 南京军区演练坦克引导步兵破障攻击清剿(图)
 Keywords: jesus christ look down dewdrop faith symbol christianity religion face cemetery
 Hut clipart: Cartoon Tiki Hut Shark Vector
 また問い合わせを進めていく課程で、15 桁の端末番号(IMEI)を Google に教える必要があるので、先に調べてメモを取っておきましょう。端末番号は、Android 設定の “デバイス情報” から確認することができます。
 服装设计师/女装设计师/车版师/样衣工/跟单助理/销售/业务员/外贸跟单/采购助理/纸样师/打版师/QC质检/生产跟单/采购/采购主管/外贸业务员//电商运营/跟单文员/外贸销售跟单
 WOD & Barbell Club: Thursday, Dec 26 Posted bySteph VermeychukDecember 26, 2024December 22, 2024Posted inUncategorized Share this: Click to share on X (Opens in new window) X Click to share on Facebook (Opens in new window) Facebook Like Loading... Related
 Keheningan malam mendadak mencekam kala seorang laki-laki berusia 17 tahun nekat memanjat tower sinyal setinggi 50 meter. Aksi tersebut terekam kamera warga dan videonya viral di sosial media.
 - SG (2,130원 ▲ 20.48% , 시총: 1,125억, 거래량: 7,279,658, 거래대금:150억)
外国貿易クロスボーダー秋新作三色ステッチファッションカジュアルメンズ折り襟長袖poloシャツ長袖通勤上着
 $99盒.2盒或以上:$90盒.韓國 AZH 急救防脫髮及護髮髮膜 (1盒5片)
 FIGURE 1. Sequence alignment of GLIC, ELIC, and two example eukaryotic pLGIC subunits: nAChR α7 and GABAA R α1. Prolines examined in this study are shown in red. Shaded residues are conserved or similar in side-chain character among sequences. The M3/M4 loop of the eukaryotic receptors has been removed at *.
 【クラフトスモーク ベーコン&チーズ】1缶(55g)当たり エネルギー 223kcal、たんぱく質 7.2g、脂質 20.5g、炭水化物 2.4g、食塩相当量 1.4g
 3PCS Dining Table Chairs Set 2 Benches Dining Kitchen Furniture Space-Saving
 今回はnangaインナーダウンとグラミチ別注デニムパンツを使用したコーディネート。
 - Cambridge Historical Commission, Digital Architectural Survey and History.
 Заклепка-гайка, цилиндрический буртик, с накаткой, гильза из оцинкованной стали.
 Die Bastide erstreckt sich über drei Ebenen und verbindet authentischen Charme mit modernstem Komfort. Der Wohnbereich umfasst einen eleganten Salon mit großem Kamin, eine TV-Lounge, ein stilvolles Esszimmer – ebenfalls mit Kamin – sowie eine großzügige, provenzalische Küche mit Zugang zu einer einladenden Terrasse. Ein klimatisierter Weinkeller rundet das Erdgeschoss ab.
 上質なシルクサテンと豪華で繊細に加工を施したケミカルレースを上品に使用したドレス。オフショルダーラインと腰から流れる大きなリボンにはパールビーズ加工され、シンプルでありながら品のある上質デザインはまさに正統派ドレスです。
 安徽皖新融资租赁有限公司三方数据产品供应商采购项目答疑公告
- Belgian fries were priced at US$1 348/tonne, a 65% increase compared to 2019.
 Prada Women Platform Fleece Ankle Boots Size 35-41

* _What the task asks_
Using the material above, return every line that holds the string "this".

* _Your solution_
 WOD & Barbell Club: Thursday, Dec 26 Posted bySteph VermeychukDecember 26, 2024December 22, 2024Posted inUncategorized Share this: Click to share on X (Opens in new window) X Click to share on Facebook (Opens in new window) Facebook Like Loading... Related
 FIGURE 1. Sequence alignment of GLIC, ELIC, and two example eukaryotic pLGIC subunits: nAChR α7 and GABAA R α1. Prolines examined in this study are shown in red. Shaded residues are conserved or similar in side-chain character among sequences. The M3/M4 loop of the eukaryotic receptors has been removed at *.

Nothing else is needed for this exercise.